-- Opening Marker --
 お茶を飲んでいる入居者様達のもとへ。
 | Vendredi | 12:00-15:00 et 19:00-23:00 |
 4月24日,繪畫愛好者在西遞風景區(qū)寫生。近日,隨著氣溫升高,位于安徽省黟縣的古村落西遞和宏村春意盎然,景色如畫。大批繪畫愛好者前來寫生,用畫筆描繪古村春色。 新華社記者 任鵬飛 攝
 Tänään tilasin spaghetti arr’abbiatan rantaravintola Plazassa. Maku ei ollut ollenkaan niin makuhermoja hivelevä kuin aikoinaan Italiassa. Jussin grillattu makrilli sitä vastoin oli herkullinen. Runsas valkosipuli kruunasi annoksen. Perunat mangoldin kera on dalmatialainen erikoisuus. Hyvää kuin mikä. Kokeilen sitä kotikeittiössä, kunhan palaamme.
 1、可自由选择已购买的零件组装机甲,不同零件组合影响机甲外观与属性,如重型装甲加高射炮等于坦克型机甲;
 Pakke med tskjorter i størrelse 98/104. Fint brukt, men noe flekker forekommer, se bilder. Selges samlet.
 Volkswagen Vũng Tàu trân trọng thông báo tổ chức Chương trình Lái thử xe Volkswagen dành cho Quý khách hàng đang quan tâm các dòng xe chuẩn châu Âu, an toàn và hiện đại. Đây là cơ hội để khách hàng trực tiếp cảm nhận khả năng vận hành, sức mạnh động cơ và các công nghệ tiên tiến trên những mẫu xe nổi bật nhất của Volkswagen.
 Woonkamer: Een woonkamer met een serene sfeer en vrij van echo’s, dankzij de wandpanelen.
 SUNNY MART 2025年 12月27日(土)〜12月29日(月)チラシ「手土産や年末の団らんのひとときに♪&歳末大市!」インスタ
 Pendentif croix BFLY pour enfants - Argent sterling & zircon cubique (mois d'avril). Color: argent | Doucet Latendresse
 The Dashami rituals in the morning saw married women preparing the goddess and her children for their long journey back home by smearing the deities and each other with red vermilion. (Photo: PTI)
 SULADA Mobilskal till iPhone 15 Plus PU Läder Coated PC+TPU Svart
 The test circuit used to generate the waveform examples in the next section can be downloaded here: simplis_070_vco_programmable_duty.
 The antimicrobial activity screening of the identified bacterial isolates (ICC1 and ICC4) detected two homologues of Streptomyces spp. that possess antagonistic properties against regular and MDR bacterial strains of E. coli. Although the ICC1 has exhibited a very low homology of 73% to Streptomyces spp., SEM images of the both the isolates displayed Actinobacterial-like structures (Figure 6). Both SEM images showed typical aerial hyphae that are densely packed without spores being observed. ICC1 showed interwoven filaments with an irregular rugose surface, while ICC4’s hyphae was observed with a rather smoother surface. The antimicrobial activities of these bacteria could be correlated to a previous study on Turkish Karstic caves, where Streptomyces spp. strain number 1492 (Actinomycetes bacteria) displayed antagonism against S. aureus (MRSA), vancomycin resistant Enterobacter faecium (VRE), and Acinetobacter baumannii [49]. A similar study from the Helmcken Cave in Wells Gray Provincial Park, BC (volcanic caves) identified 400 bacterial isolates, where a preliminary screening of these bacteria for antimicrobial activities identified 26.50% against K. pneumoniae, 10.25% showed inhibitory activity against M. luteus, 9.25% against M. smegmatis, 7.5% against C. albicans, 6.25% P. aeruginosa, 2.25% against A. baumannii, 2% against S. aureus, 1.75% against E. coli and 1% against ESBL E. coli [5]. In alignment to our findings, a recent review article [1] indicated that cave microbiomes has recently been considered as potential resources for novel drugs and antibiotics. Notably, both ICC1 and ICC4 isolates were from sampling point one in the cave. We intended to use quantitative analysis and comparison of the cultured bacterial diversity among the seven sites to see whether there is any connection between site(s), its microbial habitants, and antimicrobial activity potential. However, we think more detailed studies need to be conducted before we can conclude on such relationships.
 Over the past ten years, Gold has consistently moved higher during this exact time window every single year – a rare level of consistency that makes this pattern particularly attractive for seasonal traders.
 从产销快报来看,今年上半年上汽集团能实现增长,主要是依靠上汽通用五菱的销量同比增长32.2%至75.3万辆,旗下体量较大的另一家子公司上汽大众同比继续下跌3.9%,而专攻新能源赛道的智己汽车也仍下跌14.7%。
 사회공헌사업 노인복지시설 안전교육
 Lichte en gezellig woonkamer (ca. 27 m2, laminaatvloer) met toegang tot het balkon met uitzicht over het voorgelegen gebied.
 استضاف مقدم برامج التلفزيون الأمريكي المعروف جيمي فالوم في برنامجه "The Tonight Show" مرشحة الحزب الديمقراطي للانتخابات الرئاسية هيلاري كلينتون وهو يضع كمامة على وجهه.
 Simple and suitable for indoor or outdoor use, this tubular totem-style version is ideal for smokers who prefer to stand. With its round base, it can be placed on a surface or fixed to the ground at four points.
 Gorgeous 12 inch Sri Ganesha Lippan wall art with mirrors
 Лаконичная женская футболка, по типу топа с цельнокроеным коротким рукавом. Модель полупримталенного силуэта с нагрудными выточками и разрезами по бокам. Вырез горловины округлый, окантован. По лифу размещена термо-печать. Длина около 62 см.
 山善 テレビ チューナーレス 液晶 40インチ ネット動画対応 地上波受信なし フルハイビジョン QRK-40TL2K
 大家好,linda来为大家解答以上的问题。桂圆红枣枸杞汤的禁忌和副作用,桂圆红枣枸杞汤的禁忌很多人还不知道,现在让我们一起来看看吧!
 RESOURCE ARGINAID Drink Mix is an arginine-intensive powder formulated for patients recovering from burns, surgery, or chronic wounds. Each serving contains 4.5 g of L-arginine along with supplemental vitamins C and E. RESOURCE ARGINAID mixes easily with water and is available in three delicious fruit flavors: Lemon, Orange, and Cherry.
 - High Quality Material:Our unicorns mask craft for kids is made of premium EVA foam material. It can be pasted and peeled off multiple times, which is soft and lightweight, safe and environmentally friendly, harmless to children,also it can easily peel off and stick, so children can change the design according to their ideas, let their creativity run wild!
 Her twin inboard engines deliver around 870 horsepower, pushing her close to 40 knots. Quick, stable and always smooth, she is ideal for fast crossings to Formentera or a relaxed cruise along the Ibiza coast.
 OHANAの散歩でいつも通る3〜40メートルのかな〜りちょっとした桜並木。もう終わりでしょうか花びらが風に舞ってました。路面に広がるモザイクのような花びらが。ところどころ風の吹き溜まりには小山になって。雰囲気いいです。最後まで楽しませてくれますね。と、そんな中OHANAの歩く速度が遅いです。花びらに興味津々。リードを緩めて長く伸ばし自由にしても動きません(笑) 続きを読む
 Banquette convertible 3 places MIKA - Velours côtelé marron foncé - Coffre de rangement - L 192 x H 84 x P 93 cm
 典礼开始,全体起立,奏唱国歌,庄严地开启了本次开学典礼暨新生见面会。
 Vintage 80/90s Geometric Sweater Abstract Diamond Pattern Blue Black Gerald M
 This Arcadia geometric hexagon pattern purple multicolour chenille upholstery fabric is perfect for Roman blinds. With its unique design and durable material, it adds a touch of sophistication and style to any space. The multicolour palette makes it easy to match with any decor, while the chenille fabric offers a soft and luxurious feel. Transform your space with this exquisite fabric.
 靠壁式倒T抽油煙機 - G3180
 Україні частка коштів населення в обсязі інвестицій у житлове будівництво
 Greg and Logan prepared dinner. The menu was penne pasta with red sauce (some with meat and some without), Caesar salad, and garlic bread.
-- Closing Marker --
To do - Once you find the line with "大家好,linda来为大家解" in the entries above, output it and each line after it up to and including the line with "- High Quality", and nothing else.

Answer below -
 大家好,linda来为大家解答以上的问题。桂圆红枣枸杞汤的禁忌和副作用,桂圆红枣枸杞汤的禁忌很多人还不知道,现在让我们一起来看看吧!
 RESOURCE ARGINAID Drink Mix is an arginine-intensive powder formulated for patients recovering from burns, surgery, or chronic wounds. Each serving contains 4.5 g of L-arginine along with supplemental vitamins C and E. RESOURCE ARGINAID mixes easily with water and is available in three delicious fruit flavors: Lemon, Orange, and Cherry.
 - High Quality Material:Our unicorns mask craft for kids is made of premium EVA foam material. It can be pasted and peeled off multiple times, which is soft and lightweight, safe and environmentally friendly, harmless to children,also it can easily peel off and stick, so children can change the design according to their ideas, let their creativity run wild!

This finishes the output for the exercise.